Preferred stock issued and outstanding at par at September 30, 2000 and 1999 is
as follows:
Series A cumulative preferred stock, 40,000
shares issued and outstanding at December 31,
1999; $70,805 dividends in arrears at December
31, 1999; aggregate liquidation preference
was $120,805 at December 31, 1999 $ 4,000
Series B cumulative preferred stock, 83,335
shares issued and outstanding at December 31,
1999; $177,014 dividends in arrears at December
31, 1999; aggregate liquidation preference was
$302,017 at December 31, 1999 8,335
Series C convertible, exchangeable, preferred stock,
1,000,000 shares authorized, 33,401 issued and
outstanding at December 31, 1999; aggregate
liquidation preference was $3,340 at December 31, 1999;
convertible to 217,107 shares of common stock at
December 31, 1999; 19,600 shares held in treasury
at December 31, 1999 3,340
Series D convertible, exchangeable, preferred stock,
1,000,000 shares authorized, 481,911 issued and
outstanding at December 31, 1999; aggregate
liquidation preference was $1,204,778 at December
31, 1999; convertible to 1,204,778 shares of common
stock at December 31, 1999; 162,911 shares held in
treasury at December 31, 1999 48,191
Series E convertible, exchangeable, preferred stock,
1,000,000 shares authorized, 0 issued and outstanding
at December 31, 1999; aggregate liquidation preference
was $0 at December 31, 1999; convertible to 0 shares
of common stock -
----------
$ 63,866
==========
14
<PAGE>
OKLAHOMA ENERGY CORPORATION
AND SUBSIDIARIES
NOTES TO CONSOLIDATED FINANCIAL STATEMENTS
SEPTEMBER 30, 2000 AND 1999
The rights of Series B Preferred Stock are subordinate to those of Series A
Preferred Stock.

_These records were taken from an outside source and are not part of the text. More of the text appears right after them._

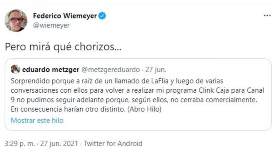 "Pero mirá qué chorizos...", escribió el conductor de TN Tecno y Radio Berlín 107.9 en su cuenta de Twitter junto al mensaje del productor.
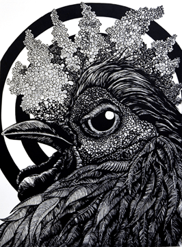 Other contemporary printmakers working and researching in the realm of black and white relief printmaking were Tom Huck, Jun Lee, Johanna Mueller. Tom Hunk is best known for his large scale satirical woodcuts in black and white. Taking inspiration from Albrecht Durer and Jose Guadalupe Posada, Hunk constructed incredibly thin networks of lines, incorporating a denser middle tone than ever before. Johanna Mueller takes a step further to improve the environment by substituting environmentally friendly plastic sheets for woodblocks. Her engraving on plastic is intricately detailed, gouging networks of lines in various orientations to distinguish musculature, objects, and surfaces. June Lee’s black and white relief prints explore the hardship and struggle of the living world. Her black and white woodcuts are rendered in wonderful detail and graphic chiaroscuro.
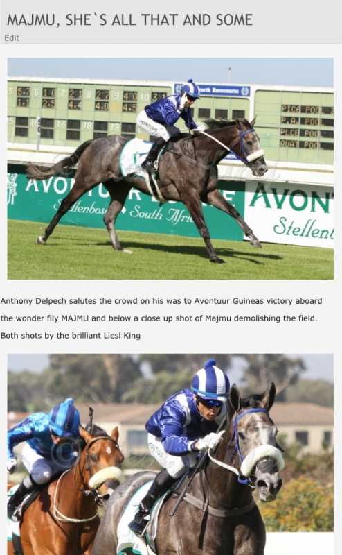 Nice to see her handy which allowed her a clear run(unlike her race in JHB where she was rolled) - I do wish she wins many races and gets up a following amongst punters and non-punters alike. With Act Of War and Legislate around we really do have some super athletes to follow next year which can only be good for Racing.
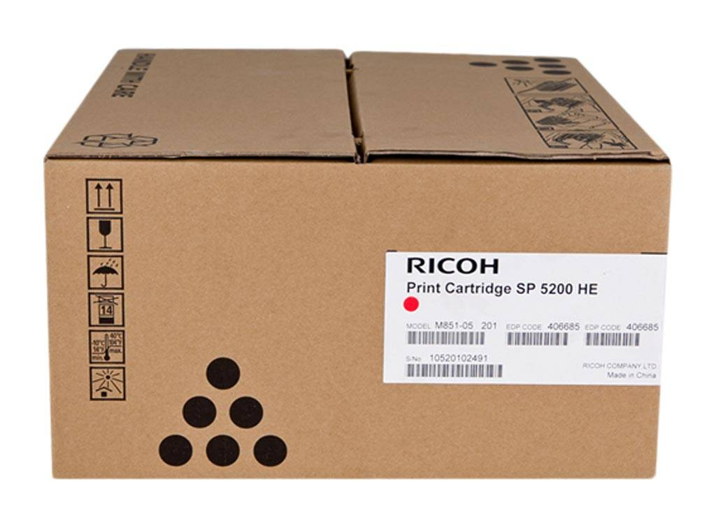 Toner oryginalny Ricoh o symbolu SP 5200HE / 406685. Wydajność 25000 stron. Produkt pochodzący z oficjalnej dystrybucji marki Ricoh. W opakowaniu znajduje się 1 sztuka drukująca w kolorze czarnym.
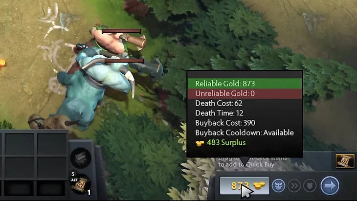 Золото в углу экрана суммируется, но между надежным и ненадежным золотом в Доте есть разница, и она играет важную роль, когда вы тратите его. При смерти вы теряете только ненадежное золото. При покупке предметов сперва используется только ненадежное золото, а затем – надежное. Вот почему игроки закупаются перед смертью: если успеть потратить все ненадежное золото, то, умерев, вы ничего не потеряете.
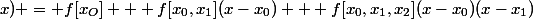= f[x_O] + f[x_0,x_1](x-x_0) + f[x_0,x_1,x_2](x-x_0)(x-x_1))
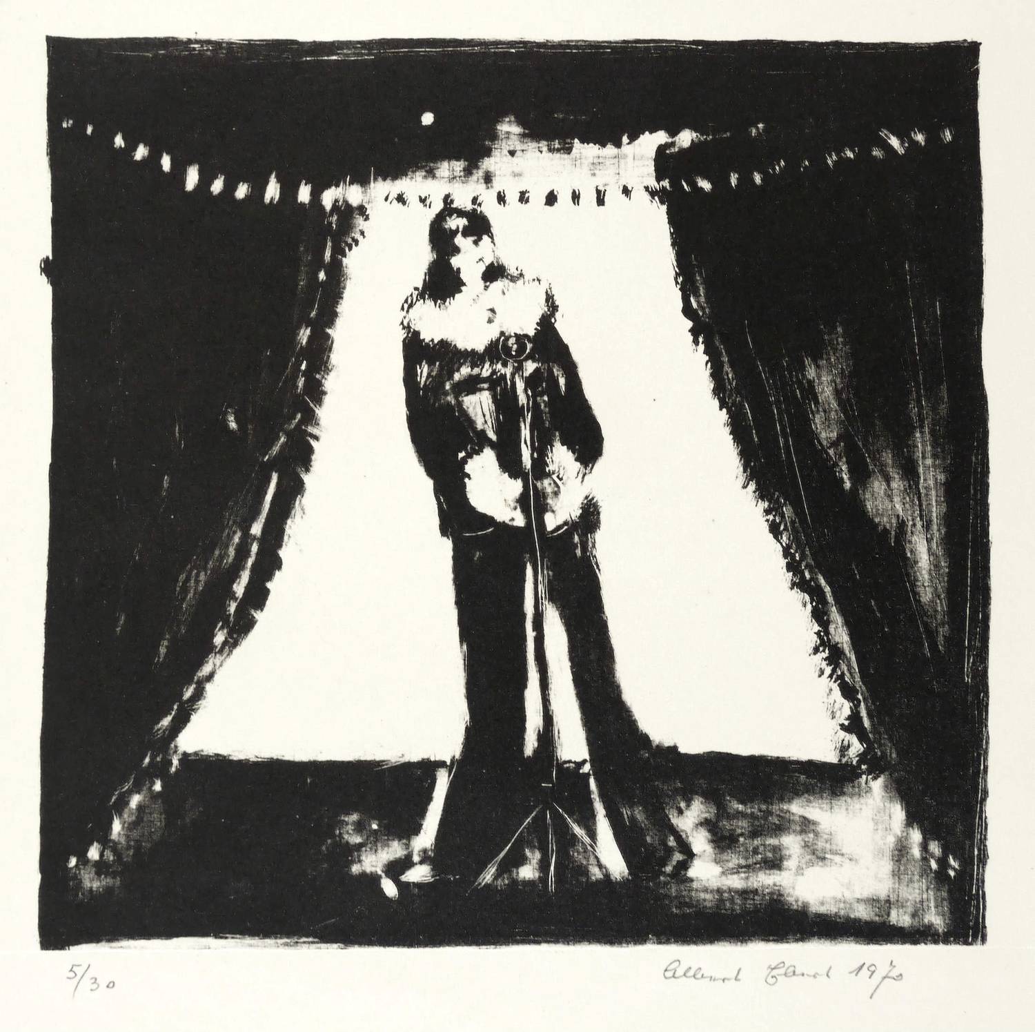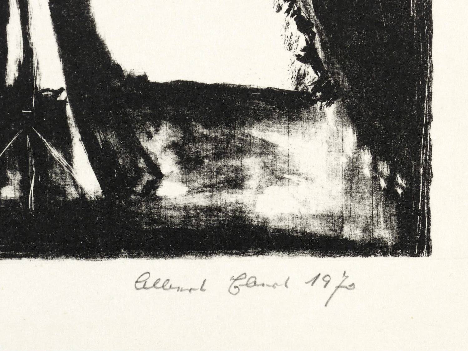 1970. Lithografie / Pinsellithografie, partiell gewischt & geschabt, in Schwarz, auf leichtem Velin. – Originale Künstlergrafik, von Albert Ebert. – Auflage Exemplar Nr. 5/30. – 13,6 x 13,9 cm (Darstellung / Druckbild), 27 x 20 cm (Blatt).

The rights of Series D Preferred Stock are subordinate to those
of Series C Preferred Stock, and the rights of Series C and D Preferred Stock
are both subordinate to Series A and B Preferred Stock. The rights of Series E
Preferred Stock are subordinate to Series A, B, C and D Preferred Stock.
In addition to the cumulative dividends on the Series A ($.10 per share
annually) and the Series B ($.12 per share annually) Preferred Stock, each share
of the Series A and Series B Preferred Stock is entitled to participate share
for share with the common stock in any dividends paid after the holders of the
common stock receive dividends of $.25 per share in any year. Dividend payments
on Series A and B Preferred Stock are legally restricted until the Company has
positive retained earnings. Each share of Series A and B Preferred Stock is
entitled to one vote. Series C, D and E Preferred Stock are entitled to vote on
an as-converted to common stock basis.
6. COMMON STOCK
Common stock issued
On March 7, 1997, the Company sold 15,200,000 shares of its common stock, par
value $.10, in a transaction outside the United States without registration
under the Securities and Exchange Act (the Act) of 1933. Such sale was offered
and accepted by a Canadian company (Purchaser) which was not an U.S. Person as
defined in Regulation S of the Act. The Company's common stock was issued in
consideration for the assignment of certain contract leasehold rights held by
the Purchaser to drill for oil and natural gas in Cameron Parish, Louisiana.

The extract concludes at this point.